Among my proclivities, I happen to be a casual fan of Mixed Martial Arts. I even wrote a short paper on it for one of my university courses. You don’t need to be a fan of the sport though, to have heard the recent news that fighter Anderson Silva, in his bout against Chris Weidman, snapped his leg in two at the shin, ending the match and ensuring that he won’t be stepping into the ring for a good long time.
The responses to this have been fairly predictable. A lot of people immediately brought up a video made a year ago by Bas Rutten as to how to avoid breaking your shin when throwing low kicks. Some have pointed out that the injury may have been intentional, as Weidman trained leg checks in order to counter Silva’s low kicks. Even the mainstream media hopped in on the discussion. TIME, a once serious and respected media outlet, proved once again their fear of anything even remotely associated with testosterone by labeling MMA “too violent“. I shy away from personal attacks here at “The Legionnaire”, and I won’t make an exception in this case, but I will say that the author of that piece looks like the kind of person who would claim that MMA is too violent.
Do these analyses have some merit? Yes, but as per usual, I’m going to eschew the obvious point of discussion and focus on something deeper that I see. Now, the point that all of the previous analyses have made is that they focus on the rarity of something like this, how the odds of it happening are incredibly slim, and even though there might be steps to take to prevent this sort of thing, one would have to be very prescient indeed to prepare and accommodate something like this.

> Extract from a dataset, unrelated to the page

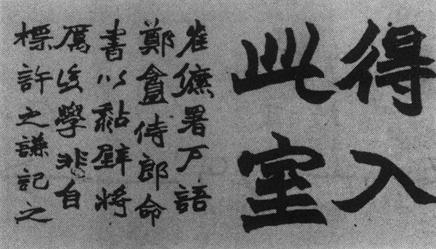 【赏析】: “碑学之兴,乘帖学之坏。”由于“帖学”长期占领著统治地位,“馆阁体”束缚著书法艺术的发展,几乎使之走向僵化的死胡同。物极必反,于是碑学逐兴。完白爲碑学鼻祖,而他的成就主要在于篆隷。在北碑上追求探索,并善于吸收,独闢蹊径,自成面目者,当推撝叔。北碑多出于无名氏的书手和民间刊石的匠人。点画方稜,呆板穿凿,一向使文人墨客闻而却步,望而生畏,从不敢问津。而这些儍板滞呆,死气沉沉的北碑刻石,一经高手的理解发挥,立即变成了生龙活虎的富有生命力的魏碑书法艺术。从赵之谦这幅楷书横披中,可以窥见他在书法艺术上的主要格调。结体的险峻峭拔,抓住了北碑的精髓所在,用笔的活泼自然,打破了碑刻的呆板无神。尤其是他的魏体行书的落款小字,更是洒脱不羁,信手而成,却又不失北碑法度。这足以显示了作者的高妙之处。赵之谦不愧爲一代大师,不愧爲一位天才的书法家。然则,康氏之评,不亦过乎? |

I don’t think I like the underlying paradigm these guys are operating off of. Yes, something like this is incredibly rare, but far from unheard of. Injuries happen. This kind of injury happens. What all these analyses are doing isn’t just to rationally explain why this happened, but also to comfort themselves, for if you can rationalize why something happened, you can just as easily rationalize why it won’t happen to you.
The overwhelming majority of people who saw this event were made uncomfortable by it. This is a natural human reaction, as we sympathize with those who feel pain. In that moment, we all imagined what it must feel like to have your shin bone snapped savagely in half. Yet running away from an imaginary feeling because it makes you uncomfortable, and rationalizing your actions later is not an optimal way to approach the situation.

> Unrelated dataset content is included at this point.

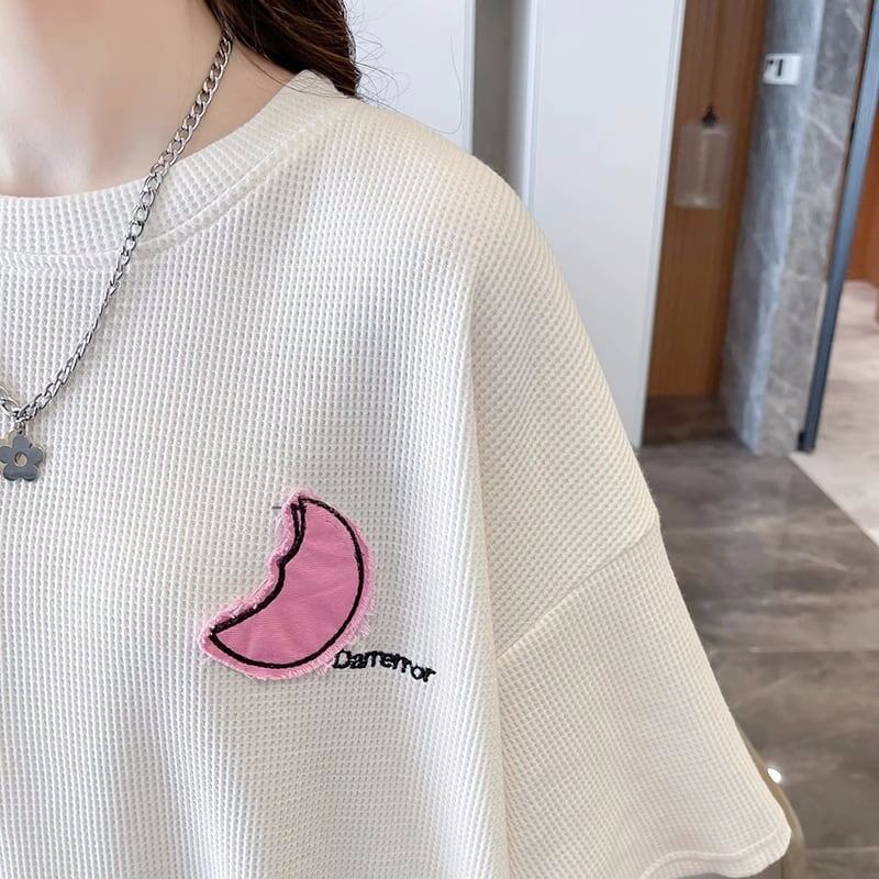 可愛いピンク月柄 Tシャツ 刺入り 丸襟 半袖GF2345

The reality that all those individuals seek to deny is this: crippling injuries happen, and are a risk that is run anytime you engage in intense physical activity. If you’re a martial artist, you have to realize and accept that grievous injury is always a possibility when you step into a fight, even in circumstances as tightly controlled as professional fighting.
Instead of trying to rationalize away incidents like these, it is imperative that you accept that bad things can and will happen to you. This doesn’t just apply to physical harm. Bad relationships, financial woes, bureaucratic misfortune…etc. Life has a way of throwing one for a loop every once in a while.

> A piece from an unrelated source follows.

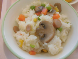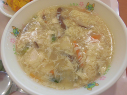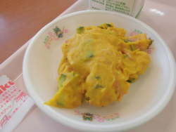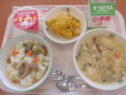 今日の献立は「カラフルごはん」「牛乳」「パンプキンサラダ」「たまごとほうれんそうのスープ(卵)」「ヨーグルト(乳)」でした。

The lifestyle you live and the choices you make certainly affect how much risk you have to live with day-to-day, yet it can never be eliminated entirely.It doesn’t matter how much risk you’re willing to take. Sooner or later, the downside you fear will happen. How will you react when that day comes?
This is what I mean when I call on Reactionaries to be men of steel. We must possess the fiery will and iron resolve necessary to stay focused and disciplined no matter the circumstances that befall us. This isn’t a reactionary thing, a traditional thing, and anti-modern thing, or anything of the sort. This is a life thing, one that any Legionnaire would be prudent to embrace.
Accept risk. Accept danger. Accept that bad things will happen. Minimize the odds of them occurring if that’s what you prefer, but never think that you can avoid the unpleasant entirely.
As thoughtcriminals professing beliefs that inveigh against modern orthodoxy, we already take on a certain amount of risk in regard to public perception and financial livelihood. Every so often, the more public among us get swatted. We need to accept that this sort of thing could happen to any one of us, and make arrangements to deal with this inevitability, if not for ourselves personally, then for our brethren in revolt against the modern world. We need to strengthen the bonds among us, and form a community with ties deeper than the electronic. Then, we can begin assessing courses of action that are not merely reactive, but also proactive.
What will we do when the hammer of the Cathedral swings down upon us, when we are truly tested and forced to fight to survive? That is when we will truly be defined. That is what we need to be ready for.